▶ [Dataset excerpt]:
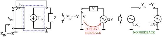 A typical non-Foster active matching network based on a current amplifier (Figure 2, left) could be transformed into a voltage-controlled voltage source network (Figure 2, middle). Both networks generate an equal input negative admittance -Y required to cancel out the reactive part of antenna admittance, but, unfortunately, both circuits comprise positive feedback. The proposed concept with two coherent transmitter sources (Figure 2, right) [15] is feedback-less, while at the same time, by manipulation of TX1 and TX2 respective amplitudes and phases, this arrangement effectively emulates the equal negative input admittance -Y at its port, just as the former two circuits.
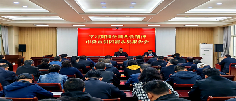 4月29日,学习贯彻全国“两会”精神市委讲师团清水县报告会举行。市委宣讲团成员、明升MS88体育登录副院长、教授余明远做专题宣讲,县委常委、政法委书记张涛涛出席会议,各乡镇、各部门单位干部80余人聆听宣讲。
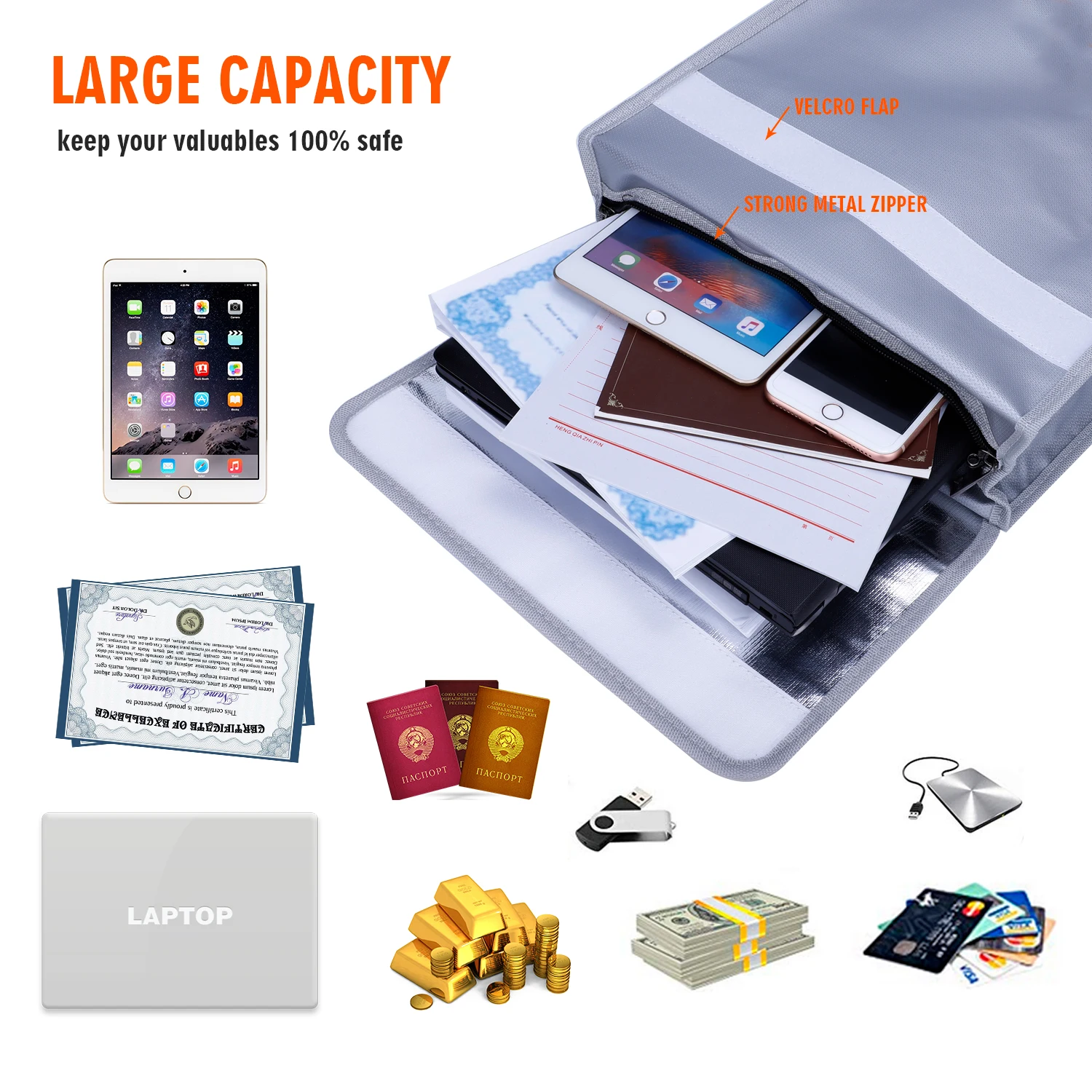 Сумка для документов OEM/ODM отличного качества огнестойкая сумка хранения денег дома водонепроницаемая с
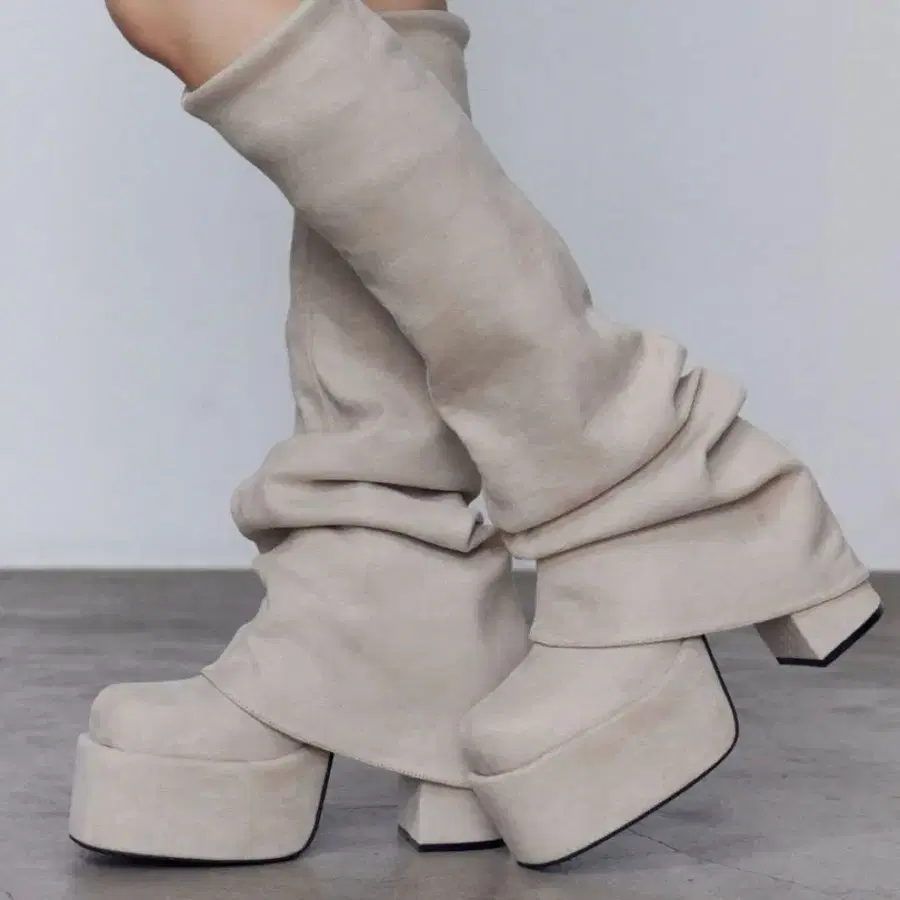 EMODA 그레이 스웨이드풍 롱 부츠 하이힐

▶ [Activity]: Please copy the data above exactly; the pictures do not belong in the copy.

▶ [Output below]:
 A typical non-Foster active matching network based on a current amplifier (Figure 2, left) could be transformed into a voltage-controlled voltage source network (Figure 2, middle). Both networks generate an equal input negative admittance -Y required to cancel out the reactive part of antenna admittance, but, unfortunately, both circuits comprise positive feedback. The proposed concept with two coherent transmitter sources (Figure 2, right) [15] is feedback-less, while at the same time, by manipulation of TX1 and TX2 respective amplitudes and phases, this arrangement effectively emulates the equal negative input admittance -Y at its port, just as the former two circuits.
 4月29日,学习贯彻全国“两会”精神市委讲师团清水县报告会举行。市委宣讲团成员、明升MS88体育登录副院长、教授余明远做专题宣讲,县委常委、政法委书记张涛涛出席会议,各乡镇、各部门单位干部80余人聆听宣讲。
 Сумка для документов OEM/ODM отличного качества огнестойкая сумка хранения денег дома водонепроницаемая с
 EMODA 그레이 스웨이드풍 롱 부츠 하이힐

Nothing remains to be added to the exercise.